- **TASK DETAILS**
Pictures stay out; print the rest of the listing below exactly as it stands.

- **RAW DATA**

◆ ◆ ◆ ◆ ◆

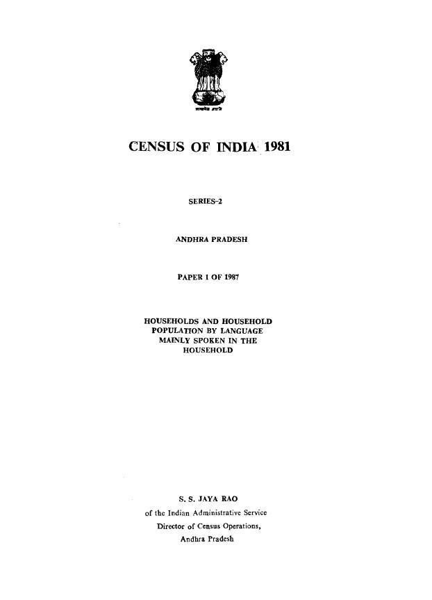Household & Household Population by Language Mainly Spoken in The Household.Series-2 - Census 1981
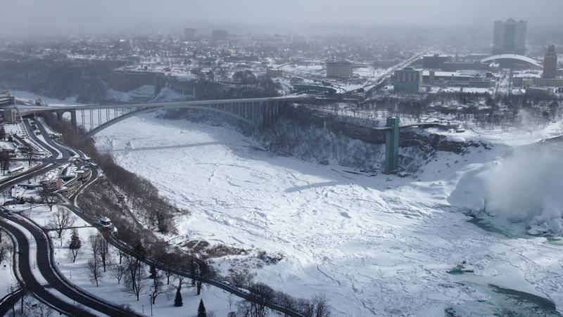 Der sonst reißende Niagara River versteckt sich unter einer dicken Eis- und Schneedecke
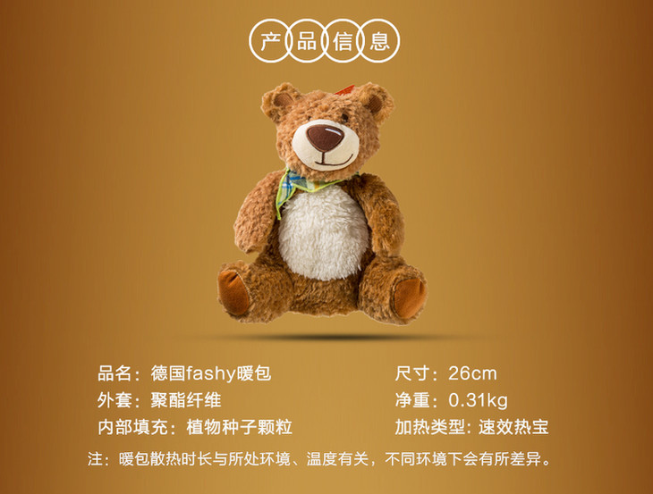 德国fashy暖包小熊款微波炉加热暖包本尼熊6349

◆ ◆ ◆ ◆ ◆

- **WRITTEN ANSWER**
Household & Household Population by Language Mainly Spoken in The Household.Series-2 - Census 1981
 Der sonst reißende Niagara River versteckt sich unter einer dicken Eis- und Schneedecke
 德国fashy暖包小熊款微波炉加热暖包本尼熊6349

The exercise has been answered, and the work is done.